** Problem statement **
Would you output the listing exactly, with every image omitted?

** Given data **
↓↓↓

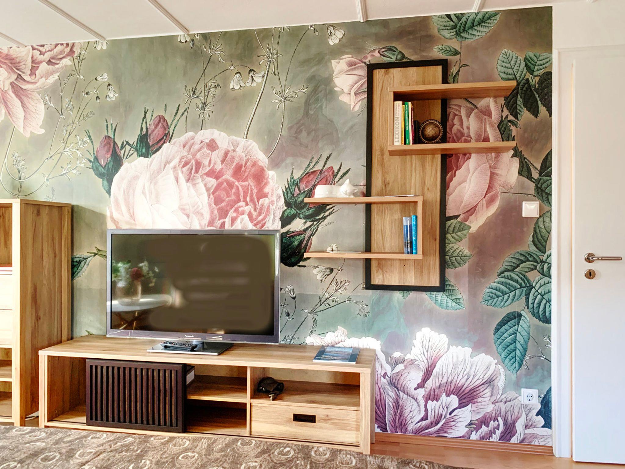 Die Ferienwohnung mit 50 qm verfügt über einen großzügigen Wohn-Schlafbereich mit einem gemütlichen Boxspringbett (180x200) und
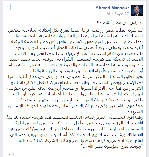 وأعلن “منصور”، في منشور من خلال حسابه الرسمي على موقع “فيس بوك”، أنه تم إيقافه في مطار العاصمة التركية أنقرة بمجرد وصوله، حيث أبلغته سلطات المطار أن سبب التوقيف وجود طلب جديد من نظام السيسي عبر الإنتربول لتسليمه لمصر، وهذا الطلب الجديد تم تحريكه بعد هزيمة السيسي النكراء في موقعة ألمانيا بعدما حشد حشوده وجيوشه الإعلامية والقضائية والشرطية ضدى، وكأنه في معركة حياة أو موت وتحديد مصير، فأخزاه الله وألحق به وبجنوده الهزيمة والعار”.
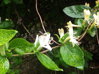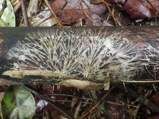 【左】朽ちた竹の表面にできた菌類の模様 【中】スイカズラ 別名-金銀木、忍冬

↑↑↑

** Solution below **
 Die Ferienwohnung mit 50 qm verfügt über einen großzügigen Wohn-Schlafbereich mit einem gemütlichen Boxspringbett (180x200) und
 وأعلن “منصور”، في منشور من خلال حسابه الرسمي على موقع “فيس بوك”، أنه تم إيقافه في مطار العاصمة التركية أنقرة بمجرد وصوله، حيث أبلغته سلطات المطار أن سبب التوقيف وجود طلب جديد من نظام السيسي عبر الإنتربول لتسليمه لمصر، وهذا الطلب الجديد تم تحريكه بعد هزيمة السيسي النكراء في موقعة ألمانيا بعدما حشد حشوده وجيوشه الإعلامية والقضائية والشرطية ضدى، وكأنه في معركة حياة أو موت وتحديد مصير، فأخزاه الله وألحق به وبجنوده الهزيمة والعار”.
 【左】朽ちた竹の表面にできた菌類の模様 【中】スイカズラ 別名-金銀木、忍冬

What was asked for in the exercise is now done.